Data Modification Tracking

ProvSQL can track the provenance of data-modification operations – INSERT, UPDATE, and DELETE – when run on provenance-enabled tables [Bourhis et al., 2020].

Note

Data modification tracking requires PostgreSQL ≥ 14.

Enabling Update Provenance

Update-provenance tracking is disabled by default. Enable it for a session:

SET provsql.update_provenance = on;

Or permanently in postgresql.conf:

provsql.update_provenance = on

INSERT

When update_provenance is enabled, inserting a row into a provenance-enabled table creates a new input gate for that row, just as if the row had been present when provenance was enabled on the table:

INSERT INTO employees(name, dept)
VALUES ('Alice', 'R&D');

-- The new row already has a provenance token
SELECT name, provenance() FROM employees WHERE name = 'Alice';

DELETE

Deleting a row does not remove it from the table, but the provenance is changed to mark the deletion, allowing hypothetical reasoning. The update_undo mechanism (see below) relies on this.

DELETE FROM employees WHERE name = 'Alice';

UPDATE

An UPDATE is modelled as a DELETE followed by an INSERT. The new row gets a fresh provenance token; the old token continues to exist in the circuit.
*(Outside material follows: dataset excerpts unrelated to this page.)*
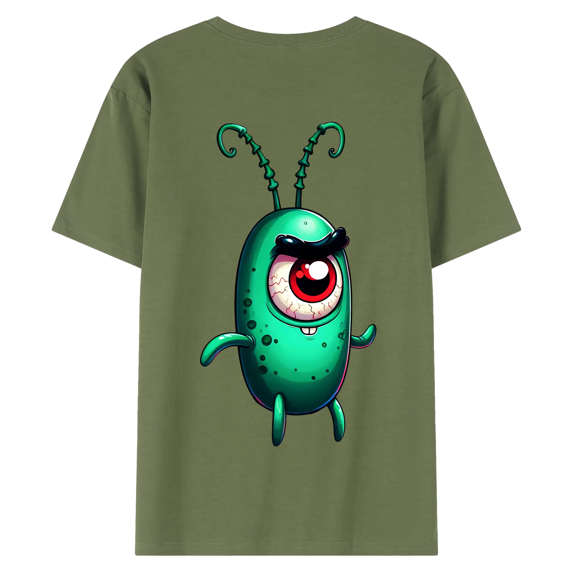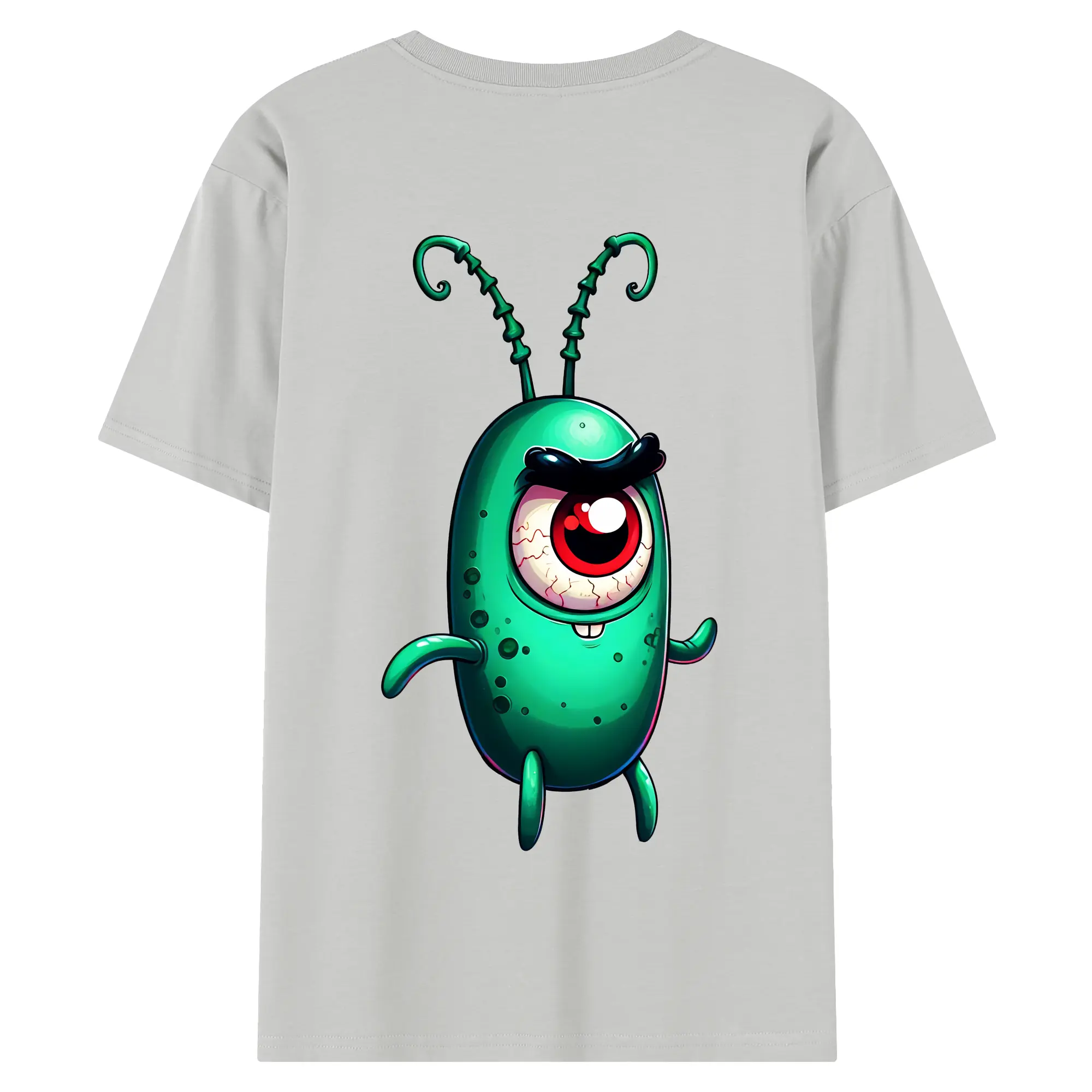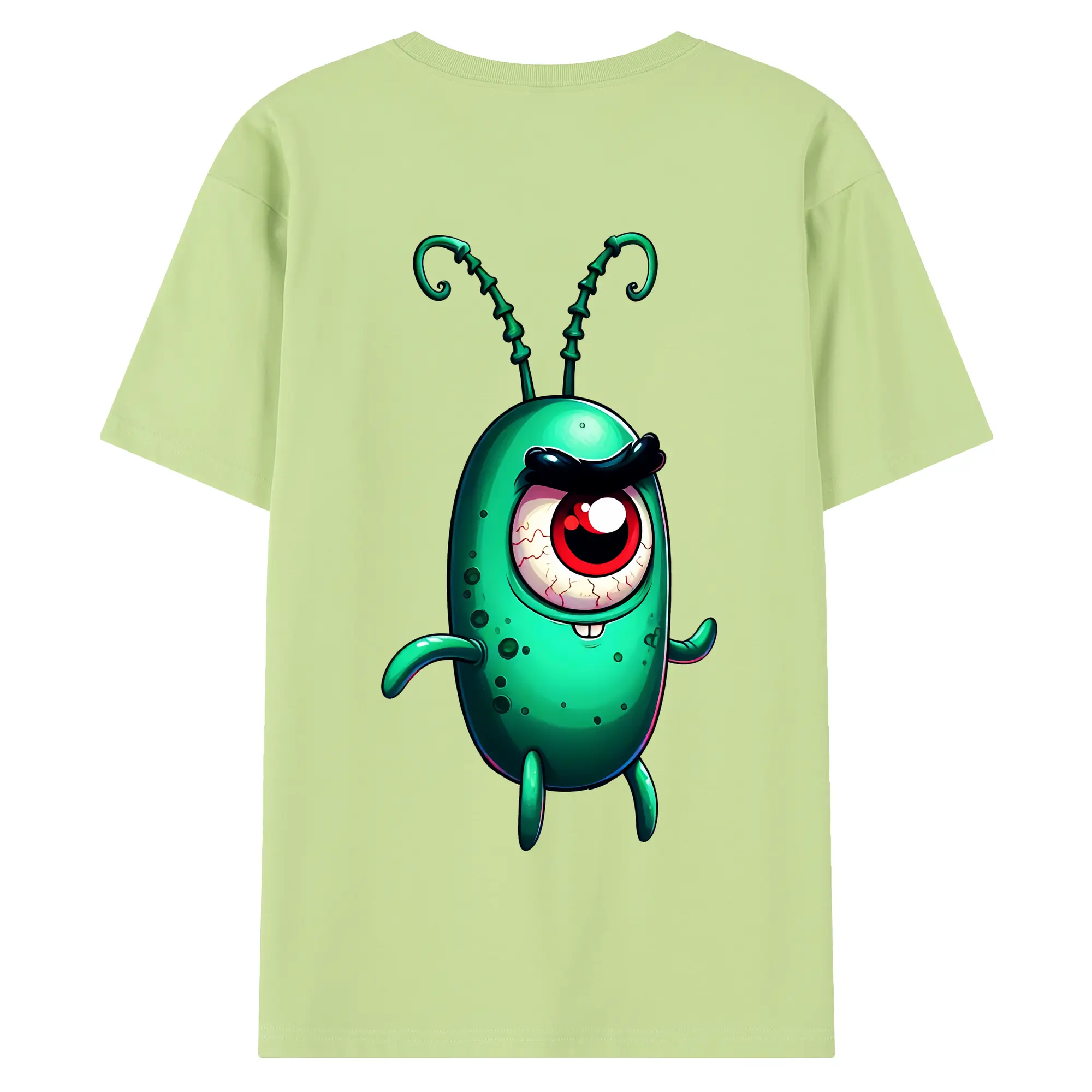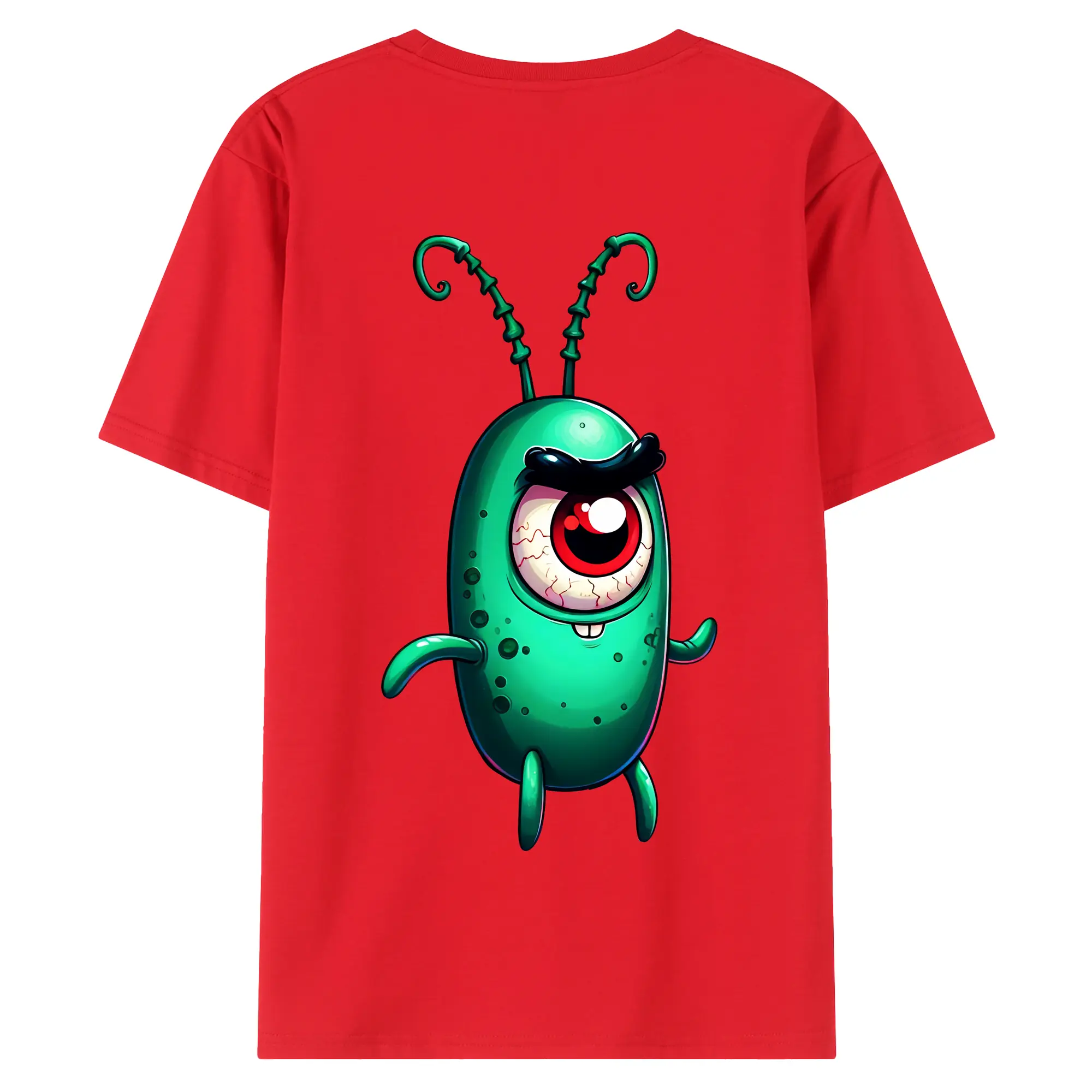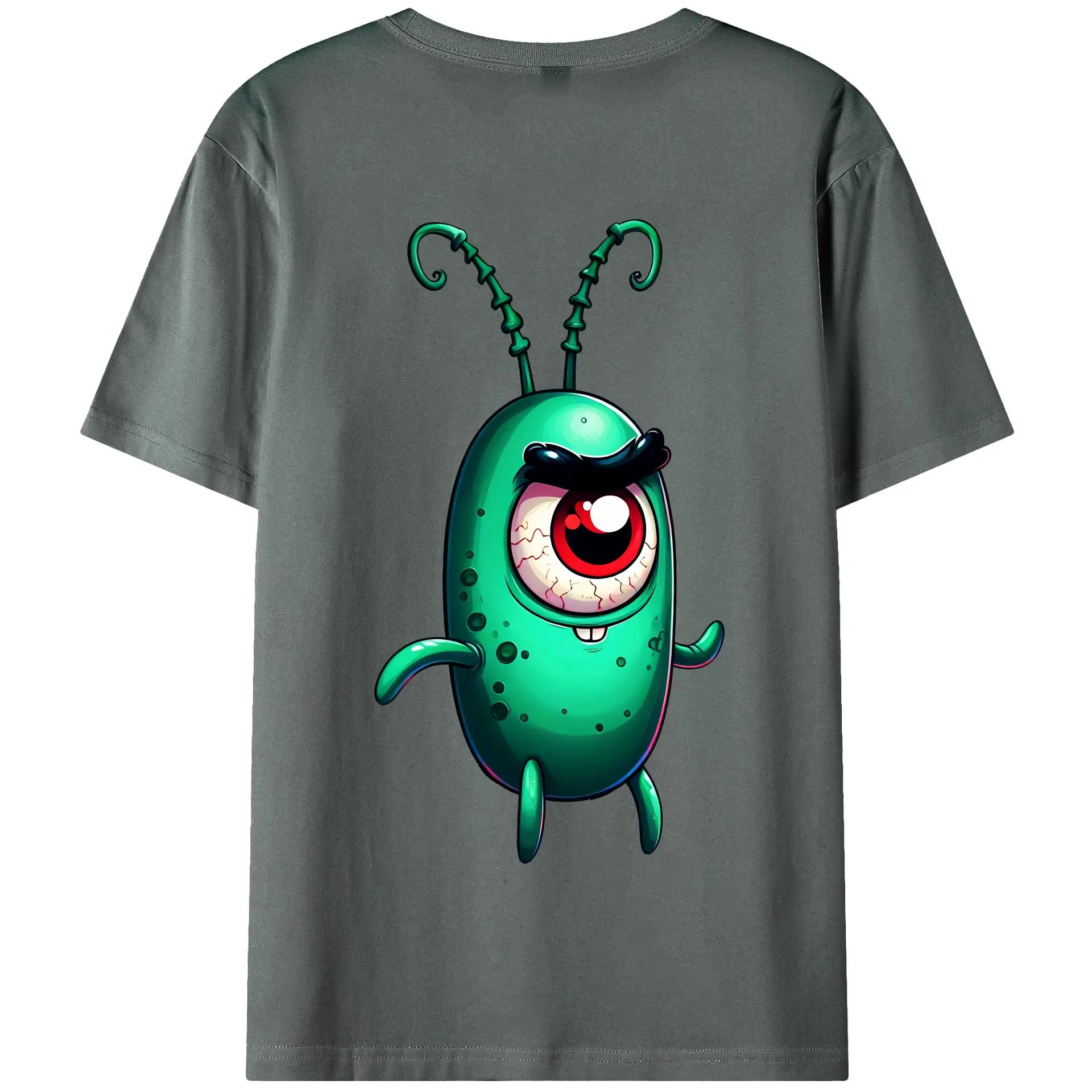スポンジボブ グッズ プランクトン - 綿100% ヴィンテージ風 半袖Tシャツ ・ 背面プリント ・ 柔らか肌触り ・ 通気性 快適 ・ スポーツ カジュアル 外出用
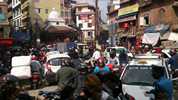Am zweiten Tag teilen wir uns auf: Valentin besucht den Boudhanath Stupa, über die ich schon im Bericht Nepalesische Konfliktbeilegung berichtet habe. Ich miete einen Roller, fahre damit erst auf einen Berg mit Übersicht über das Kathmandu-Tal und düse anschließend die große Ringstraße von Kathmandu entlang. 30 km einmal im Kreis um die Stadt, sowas wie ein Autobahnring, theoretisch zweispurig in jede Richtung, aber natürlich keine Autobahn, sprich keine bauliche Trennung der Fahrtrichtungen, es gibt Kreuzungen und Geschäfte am Straßenrand. Praktisch gibt's halt so viele Spuren, wie gerade gebraucht werden und Platz haben. Es gibt keine Ampeln, keine Verkehrszeichen, maximal mal ein Polizist regelt den Verkehr auf großen Kreuzungen; ansonsten fährt jeder wie er will und wie er kann. Es gibt Schotterabschnitte, das meiste ist aber ganz gut geteert. Also, ziemlich breite Straße, dichter und somit relativ langsamer Verkehr: Da kann man sich wunderbar von links nach rechts und wieder zurück schlängeln um so viele Autos wie möglich links wie rechts zu überholen. Immer geht es darum, zum richtigen Zeitpunkt in die richtige Lücke zu witschen.
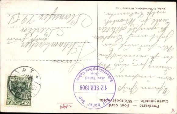 Zustand, siehe Scan, gelaufen, 1909 - ca 14 cm X 9 cm
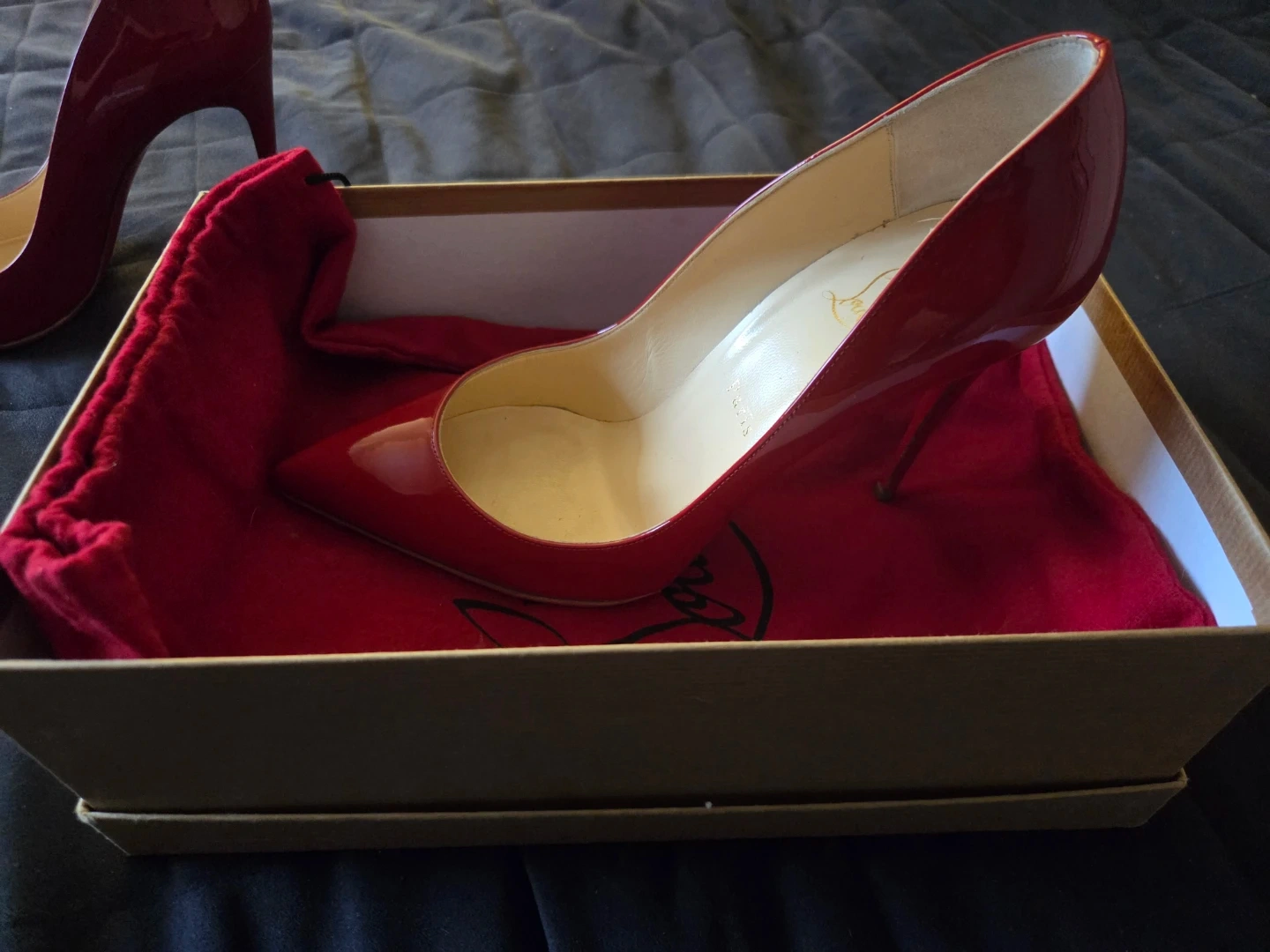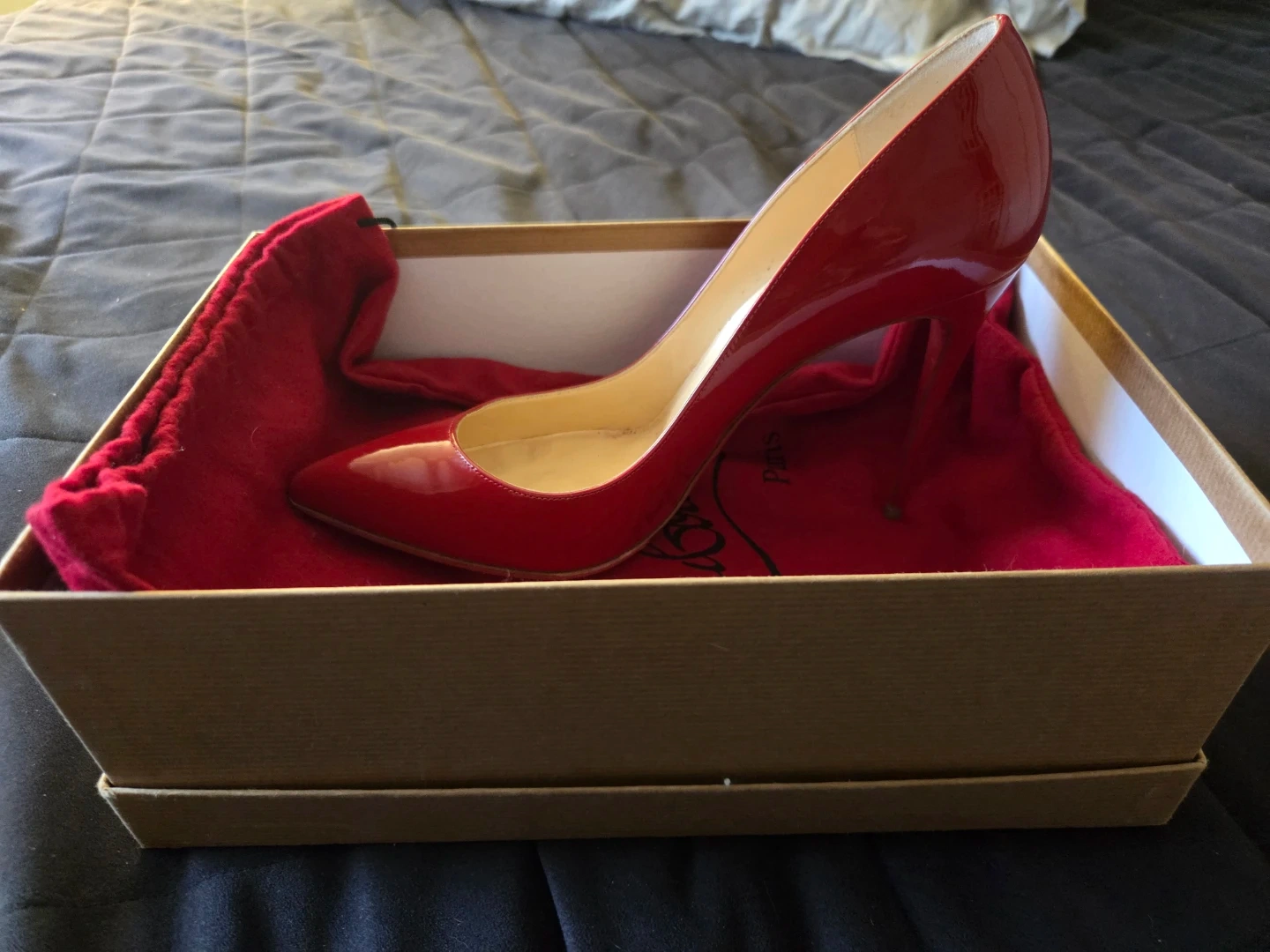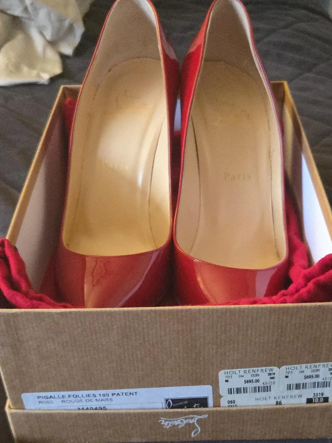 Classic red patent leather heels from Christian Louboutin. These Pigalle Follies are a size 36 and feature a 100mm heel height. They come with the original box and dust bag. (There is a small Crack in the heel of the left heel, But there is no need to worry it is very much stable)

UPDATE employees SET dept = 'Sales' WHERE name = 'Bob';

Undoing Updates

ProvSQL provides an undo function that rolls back the provenance effects of a specific logged modification. Every provenance-enabled DML statement is recorded in the update_provenance table; pass its provsql token to undo to reverse its effect:

CREATE TABLE t(id INT PRIMARY KEY);
SELECT add_provenance('t');

INSERT INTO t VALUES (1), (2), (3);
DELETE FROM t WHERE id = 3;

-- Row 3 is gone; undo the DELETE to restore it
SELECT undo(provsql)
FROM update_provenance
WHERE query = 'DELETE FROM t WHERE id = 3;';

Limitations

Update tracking is still experimental, both in terms of operation support and of performance.